Japan's nuclear regulator has given permission for the power plant closest to Tokyo to extend operations of its reactor for up to 20 years.
The Nuclear Regulation Authority unanimously decided on Wednesday to allow Japan Atomic Power Company to extend operations at the Tokai No.2 plant in Ibaraki Prefecture, located about 110 kilometers north of central Tokyo.
About 960,000 people live within a 30 kilometer radius of the facility, the highest population density among all nuclear plant vicinities across Japan.
Regulators say the Tokai No.2 plant meets government requirements introduced after the 2011 accident at the Fukushima Daiichi nuclear plant.
Meeting the requirements is a precondition for reactors to go back online.

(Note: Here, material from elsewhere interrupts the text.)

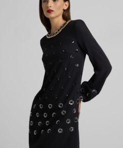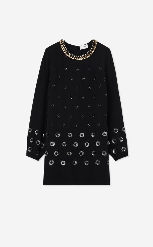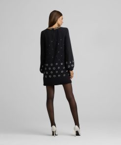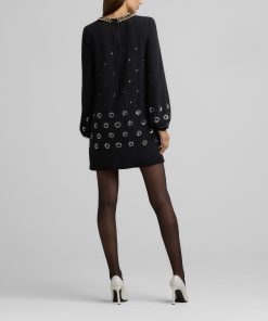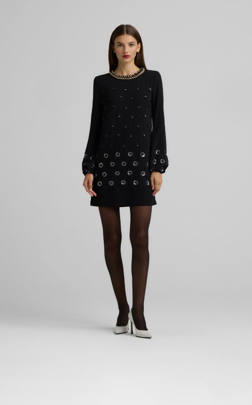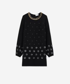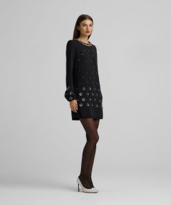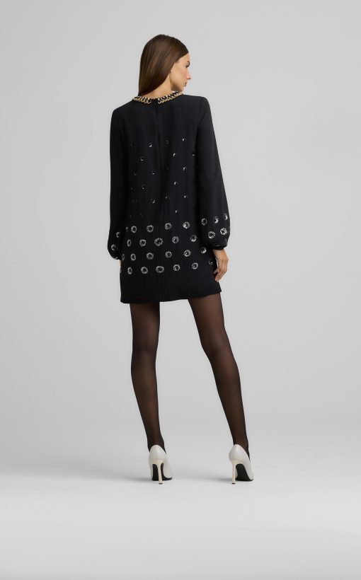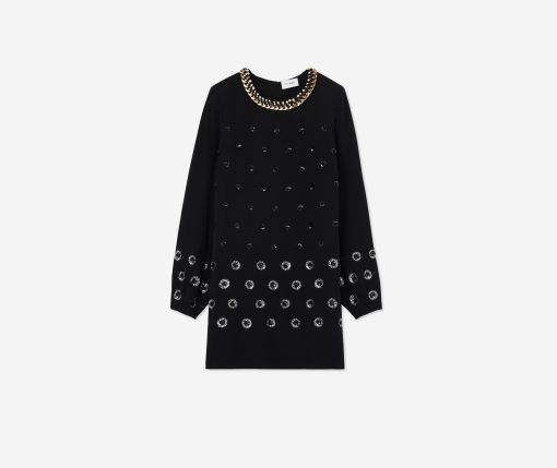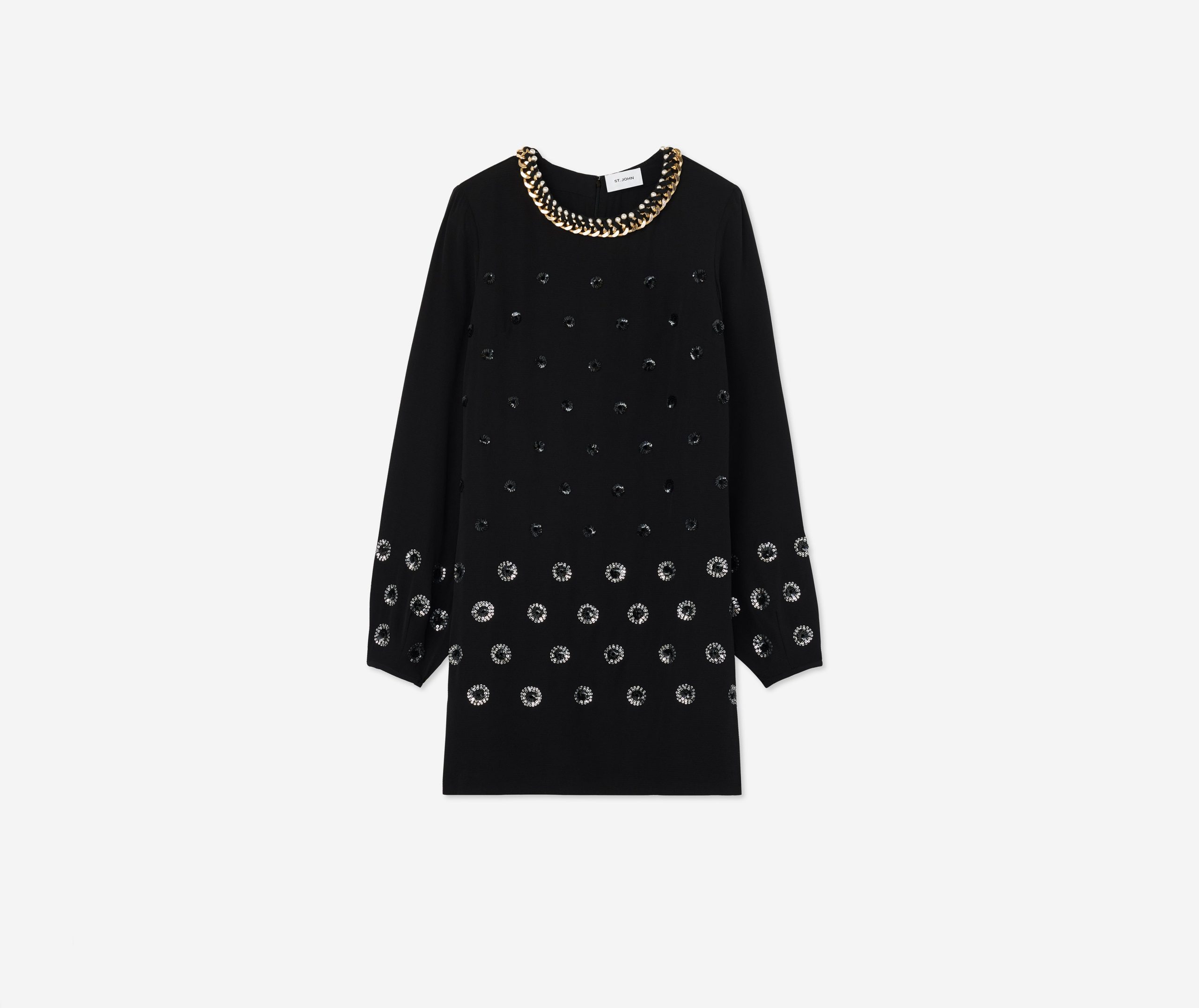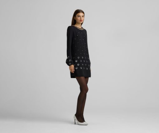 This long sleeve knit dress features a chain neckline and polka dot-inspired embellishments that start as tonal touches and ease into maximum sparkle.All Sales are Final. No Returns or Exchanges.

At Wednesday's meeting, the Nuclear Regulation Authority members were briefed on estimates that wear and tear involving the reactor, pipes and other equipment will pose no problems 20 years from now, which will mark 60 years since going online.
The reactor at the Tokai No.2 plant will be allowed to operate until November 2038 at a maximum.
The reactor is the 4th in Japan to be allowed to run beyond the 40-year limit and the first at a plant damaged by the 2011 earthquake and tsunami.
Regulators have already approved extensions for 2 reactors at the Takahama nuclear power plant and the No.3 reactor at the Mihama plant, both in Fukui Prefecture on the Sea of Japan coast.
The operator of the Tokai No.2 plant will still need more than 2 years of construction work for enhanced safety measures before it restarts the reactor. This includes building a tsunami breakwater.
It must also obtain prior consent from 6 municipalities in the area including the village of Tokai where the plant is located.